→ DESCRIPTION OF THE TASK: The records follow. Filter them to the lines that hold "Black".

Records drawn from a dataset
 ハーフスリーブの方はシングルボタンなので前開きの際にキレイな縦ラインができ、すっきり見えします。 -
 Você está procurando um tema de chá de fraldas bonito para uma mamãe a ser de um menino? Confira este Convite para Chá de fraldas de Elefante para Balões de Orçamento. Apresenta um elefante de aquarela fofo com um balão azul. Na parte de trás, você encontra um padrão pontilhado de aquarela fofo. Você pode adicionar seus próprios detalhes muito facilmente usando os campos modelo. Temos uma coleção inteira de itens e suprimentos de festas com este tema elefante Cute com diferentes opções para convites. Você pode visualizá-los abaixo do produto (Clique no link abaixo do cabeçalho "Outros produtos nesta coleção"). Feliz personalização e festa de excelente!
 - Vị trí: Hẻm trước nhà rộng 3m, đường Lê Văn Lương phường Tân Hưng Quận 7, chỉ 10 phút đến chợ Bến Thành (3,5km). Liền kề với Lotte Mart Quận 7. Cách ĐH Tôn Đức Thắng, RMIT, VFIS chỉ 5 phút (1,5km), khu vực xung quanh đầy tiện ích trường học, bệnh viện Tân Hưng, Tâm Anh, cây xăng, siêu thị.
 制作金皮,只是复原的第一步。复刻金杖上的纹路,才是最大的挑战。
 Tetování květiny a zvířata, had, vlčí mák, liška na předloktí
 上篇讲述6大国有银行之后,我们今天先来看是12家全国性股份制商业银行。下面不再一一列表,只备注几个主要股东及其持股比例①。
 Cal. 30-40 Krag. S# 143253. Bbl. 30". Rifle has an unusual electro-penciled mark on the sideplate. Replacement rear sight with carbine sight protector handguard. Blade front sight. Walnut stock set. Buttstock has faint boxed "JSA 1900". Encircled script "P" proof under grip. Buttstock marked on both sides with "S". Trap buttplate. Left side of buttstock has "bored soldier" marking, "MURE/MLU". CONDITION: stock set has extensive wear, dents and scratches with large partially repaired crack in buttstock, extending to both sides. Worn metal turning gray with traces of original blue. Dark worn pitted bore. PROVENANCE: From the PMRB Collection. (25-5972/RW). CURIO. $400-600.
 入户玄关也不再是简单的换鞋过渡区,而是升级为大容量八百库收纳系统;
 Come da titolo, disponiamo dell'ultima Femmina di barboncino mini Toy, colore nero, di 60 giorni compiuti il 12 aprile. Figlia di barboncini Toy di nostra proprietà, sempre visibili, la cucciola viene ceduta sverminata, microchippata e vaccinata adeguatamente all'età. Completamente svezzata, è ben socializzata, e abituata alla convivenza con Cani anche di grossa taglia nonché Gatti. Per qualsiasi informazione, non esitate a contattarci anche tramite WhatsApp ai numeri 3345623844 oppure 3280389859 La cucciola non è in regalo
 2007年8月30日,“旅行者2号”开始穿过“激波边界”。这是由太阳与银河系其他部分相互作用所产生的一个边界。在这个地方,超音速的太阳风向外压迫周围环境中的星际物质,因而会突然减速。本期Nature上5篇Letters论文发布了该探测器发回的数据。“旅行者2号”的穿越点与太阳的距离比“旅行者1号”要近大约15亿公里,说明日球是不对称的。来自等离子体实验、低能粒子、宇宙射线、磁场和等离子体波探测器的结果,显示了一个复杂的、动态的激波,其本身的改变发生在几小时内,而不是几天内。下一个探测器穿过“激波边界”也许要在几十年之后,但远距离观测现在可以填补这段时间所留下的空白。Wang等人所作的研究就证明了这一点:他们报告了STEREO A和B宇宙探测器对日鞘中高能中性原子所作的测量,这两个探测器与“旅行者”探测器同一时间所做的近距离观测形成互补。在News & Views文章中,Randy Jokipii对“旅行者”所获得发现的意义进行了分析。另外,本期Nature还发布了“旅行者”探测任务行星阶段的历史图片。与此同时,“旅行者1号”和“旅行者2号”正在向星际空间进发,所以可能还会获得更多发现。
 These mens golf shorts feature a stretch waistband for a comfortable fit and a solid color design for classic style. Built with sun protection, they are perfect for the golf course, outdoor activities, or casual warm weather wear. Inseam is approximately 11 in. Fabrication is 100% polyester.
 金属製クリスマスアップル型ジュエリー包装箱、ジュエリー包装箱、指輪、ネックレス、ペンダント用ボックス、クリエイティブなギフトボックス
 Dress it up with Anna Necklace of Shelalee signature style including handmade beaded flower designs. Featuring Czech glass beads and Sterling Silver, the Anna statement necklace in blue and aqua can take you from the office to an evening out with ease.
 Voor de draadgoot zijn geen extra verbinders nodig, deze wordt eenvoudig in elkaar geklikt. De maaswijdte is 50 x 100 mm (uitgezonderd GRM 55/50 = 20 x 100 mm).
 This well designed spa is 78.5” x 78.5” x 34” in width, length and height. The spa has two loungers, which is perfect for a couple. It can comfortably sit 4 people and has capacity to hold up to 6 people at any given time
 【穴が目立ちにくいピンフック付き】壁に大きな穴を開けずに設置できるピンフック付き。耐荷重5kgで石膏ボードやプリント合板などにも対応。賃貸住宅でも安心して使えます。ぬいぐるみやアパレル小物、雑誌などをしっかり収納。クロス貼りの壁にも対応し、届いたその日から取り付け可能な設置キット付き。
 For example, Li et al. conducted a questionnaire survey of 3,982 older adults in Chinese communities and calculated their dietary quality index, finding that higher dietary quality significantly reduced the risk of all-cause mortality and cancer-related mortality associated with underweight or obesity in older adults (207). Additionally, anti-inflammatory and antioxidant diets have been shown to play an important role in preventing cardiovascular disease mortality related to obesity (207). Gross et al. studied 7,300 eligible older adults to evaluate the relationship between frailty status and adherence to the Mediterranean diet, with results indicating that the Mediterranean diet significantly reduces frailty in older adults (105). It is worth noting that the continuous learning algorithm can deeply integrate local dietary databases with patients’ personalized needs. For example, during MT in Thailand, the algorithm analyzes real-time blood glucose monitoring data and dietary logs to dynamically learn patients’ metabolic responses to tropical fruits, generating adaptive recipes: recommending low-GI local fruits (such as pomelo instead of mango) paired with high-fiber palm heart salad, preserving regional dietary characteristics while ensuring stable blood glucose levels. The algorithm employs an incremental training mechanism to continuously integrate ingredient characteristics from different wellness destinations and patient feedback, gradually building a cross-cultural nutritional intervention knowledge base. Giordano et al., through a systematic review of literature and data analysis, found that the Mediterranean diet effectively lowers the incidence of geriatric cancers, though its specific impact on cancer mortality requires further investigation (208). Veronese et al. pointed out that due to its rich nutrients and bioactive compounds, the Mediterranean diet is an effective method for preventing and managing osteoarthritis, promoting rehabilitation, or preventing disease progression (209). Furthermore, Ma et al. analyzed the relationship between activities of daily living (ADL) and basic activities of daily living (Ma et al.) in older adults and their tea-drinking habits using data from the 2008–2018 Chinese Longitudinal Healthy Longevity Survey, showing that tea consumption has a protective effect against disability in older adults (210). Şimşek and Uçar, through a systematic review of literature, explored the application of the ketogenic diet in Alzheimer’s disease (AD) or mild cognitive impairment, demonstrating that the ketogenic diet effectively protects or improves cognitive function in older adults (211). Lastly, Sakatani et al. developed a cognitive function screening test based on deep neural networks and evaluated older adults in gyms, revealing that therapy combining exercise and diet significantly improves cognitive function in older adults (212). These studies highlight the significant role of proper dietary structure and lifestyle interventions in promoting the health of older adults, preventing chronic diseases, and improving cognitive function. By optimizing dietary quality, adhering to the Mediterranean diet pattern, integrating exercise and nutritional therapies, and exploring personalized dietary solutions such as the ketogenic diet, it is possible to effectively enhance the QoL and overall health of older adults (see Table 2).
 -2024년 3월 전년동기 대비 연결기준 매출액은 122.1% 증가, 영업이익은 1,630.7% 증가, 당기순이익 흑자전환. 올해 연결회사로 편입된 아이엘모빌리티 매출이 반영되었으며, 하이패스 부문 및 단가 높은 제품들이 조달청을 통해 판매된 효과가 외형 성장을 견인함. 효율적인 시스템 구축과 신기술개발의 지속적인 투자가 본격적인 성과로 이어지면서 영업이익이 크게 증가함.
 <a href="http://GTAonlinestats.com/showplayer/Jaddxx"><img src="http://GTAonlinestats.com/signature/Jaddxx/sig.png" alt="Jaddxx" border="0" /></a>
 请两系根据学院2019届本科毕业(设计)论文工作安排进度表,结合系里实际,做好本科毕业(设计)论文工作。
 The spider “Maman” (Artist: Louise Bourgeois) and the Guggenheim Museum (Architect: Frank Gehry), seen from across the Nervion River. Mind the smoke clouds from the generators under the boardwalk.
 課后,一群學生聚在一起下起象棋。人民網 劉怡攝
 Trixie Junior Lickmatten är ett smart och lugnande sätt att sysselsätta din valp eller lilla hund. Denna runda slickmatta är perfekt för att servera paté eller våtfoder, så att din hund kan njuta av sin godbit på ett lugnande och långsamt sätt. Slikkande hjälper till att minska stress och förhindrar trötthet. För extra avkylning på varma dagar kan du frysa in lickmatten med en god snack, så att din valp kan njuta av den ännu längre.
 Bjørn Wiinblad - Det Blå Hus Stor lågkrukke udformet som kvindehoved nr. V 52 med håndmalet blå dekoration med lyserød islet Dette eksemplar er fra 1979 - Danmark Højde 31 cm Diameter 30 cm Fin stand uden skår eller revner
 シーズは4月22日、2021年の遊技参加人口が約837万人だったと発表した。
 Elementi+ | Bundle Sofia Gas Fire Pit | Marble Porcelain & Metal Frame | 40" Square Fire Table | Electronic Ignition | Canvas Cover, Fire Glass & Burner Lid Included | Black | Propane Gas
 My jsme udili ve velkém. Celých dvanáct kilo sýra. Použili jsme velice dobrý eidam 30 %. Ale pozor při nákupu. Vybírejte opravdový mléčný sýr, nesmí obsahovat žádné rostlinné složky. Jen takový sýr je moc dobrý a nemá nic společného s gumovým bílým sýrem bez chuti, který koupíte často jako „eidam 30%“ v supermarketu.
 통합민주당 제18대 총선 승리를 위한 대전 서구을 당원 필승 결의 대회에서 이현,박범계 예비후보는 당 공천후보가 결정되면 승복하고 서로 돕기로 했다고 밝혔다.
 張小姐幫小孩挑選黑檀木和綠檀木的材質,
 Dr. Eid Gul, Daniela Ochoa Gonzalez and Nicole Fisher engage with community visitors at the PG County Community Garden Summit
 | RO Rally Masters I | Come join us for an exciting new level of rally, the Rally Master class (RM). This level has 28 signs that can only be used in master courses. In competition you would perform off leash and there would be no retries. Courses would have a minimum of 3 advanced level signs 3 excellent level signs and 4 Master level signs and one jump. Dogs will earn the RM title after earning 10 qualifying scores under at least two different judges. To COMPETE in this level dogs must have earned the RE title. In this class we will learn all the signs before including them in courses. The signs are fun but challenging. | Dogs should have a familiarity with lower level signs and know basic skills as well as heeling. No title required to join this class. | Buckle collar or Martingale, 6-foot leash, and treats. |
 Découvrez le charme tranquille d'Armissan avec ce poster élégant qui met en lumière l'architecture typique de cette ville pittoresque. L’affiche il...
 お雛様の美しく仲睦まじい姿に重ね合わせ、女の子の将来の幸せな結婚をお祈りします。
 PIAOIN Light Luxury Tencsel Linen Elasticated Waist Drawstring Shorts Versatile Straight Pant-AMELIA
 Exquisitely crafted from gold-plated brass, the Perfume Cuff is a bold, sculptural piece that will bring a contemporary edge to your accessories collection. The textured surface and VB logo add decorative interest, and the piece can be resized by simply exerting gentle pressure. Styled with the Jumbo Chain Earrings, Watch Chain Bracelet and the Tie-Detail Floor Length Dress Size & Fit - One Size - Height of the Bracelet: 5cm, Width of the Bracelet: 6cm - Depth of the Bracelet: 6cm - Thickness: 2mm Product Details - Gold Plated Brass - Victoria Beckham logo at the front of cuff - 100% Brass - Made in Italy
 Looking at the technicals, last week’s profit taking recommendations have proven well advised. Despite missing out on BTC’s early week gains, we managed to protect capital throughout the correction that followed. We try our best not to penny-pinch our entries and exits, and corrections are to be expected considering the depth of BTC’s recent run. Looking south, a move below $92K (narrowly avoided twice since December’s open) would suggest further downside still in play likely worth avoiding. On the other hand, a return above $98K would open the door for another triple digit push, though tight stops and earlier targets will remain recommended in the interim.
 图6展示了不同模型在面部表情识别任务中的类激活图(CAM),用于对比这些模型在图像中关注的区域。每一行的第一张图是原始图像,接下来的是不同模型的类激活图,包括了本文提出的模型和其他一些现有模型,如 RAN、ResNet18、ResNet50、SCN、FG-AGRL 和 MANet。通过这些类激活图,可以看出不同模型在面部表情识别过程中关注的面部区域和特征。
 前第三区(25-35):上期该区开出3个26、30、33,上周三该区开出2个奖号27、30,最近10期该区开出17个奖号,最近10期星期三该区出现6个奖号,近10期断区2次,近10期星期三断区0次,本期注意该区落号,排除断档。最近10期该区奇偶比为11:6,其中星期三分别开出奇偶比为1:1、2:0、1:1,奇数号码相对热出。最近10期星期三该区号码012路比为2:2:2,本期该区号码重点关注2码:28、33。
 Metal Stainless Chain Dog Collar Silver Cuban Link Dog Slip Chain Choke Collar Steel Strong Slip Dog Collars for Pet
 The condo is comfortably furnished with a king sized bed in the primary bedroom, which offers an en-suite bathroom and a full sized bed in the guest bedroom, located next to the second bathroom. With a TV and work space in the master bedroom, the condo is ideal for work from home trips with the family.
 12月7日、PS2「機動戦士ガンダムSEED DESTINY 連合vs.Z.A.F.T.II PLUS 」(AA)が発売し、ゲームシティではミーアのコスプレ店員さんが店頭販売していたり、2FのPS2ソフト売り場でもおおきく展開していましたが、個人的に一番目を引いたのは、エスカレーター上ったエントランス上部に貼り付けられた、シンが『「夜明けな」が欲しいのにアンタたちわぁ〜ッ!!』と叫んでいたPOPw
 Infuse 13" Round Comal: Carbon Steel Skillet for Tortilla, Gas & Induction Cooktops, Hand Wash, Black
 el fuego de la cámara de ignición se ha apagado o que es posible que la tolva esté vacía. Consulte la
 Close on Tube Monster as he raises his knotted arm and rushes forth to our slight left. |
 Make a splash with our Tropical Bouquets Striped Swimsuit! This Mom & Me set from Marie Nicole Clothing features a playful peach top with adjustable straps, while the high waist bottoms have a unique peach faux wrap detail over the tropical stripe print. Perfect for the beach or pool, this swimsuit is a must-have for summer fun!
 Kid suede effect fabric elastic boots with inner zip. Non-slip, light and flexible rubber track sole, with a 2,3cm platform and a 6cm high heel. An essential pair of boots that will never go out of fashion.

→ RESPONSE TO THE EXERCISE:
 Elementi+ | Bundle Sofia Gas Fire Pit | Marble Porcelain & Metal Frame | 40" Square Fire Table | Electronic Ignition | Canvas Cover, Fire Glass & Burner Lid Included | Black | Propane Gas
 Infuse 13" Round Comal: Carbon Steel Skillet for Tortilla, Gas & Induction Cooktops, Hand Wash, Black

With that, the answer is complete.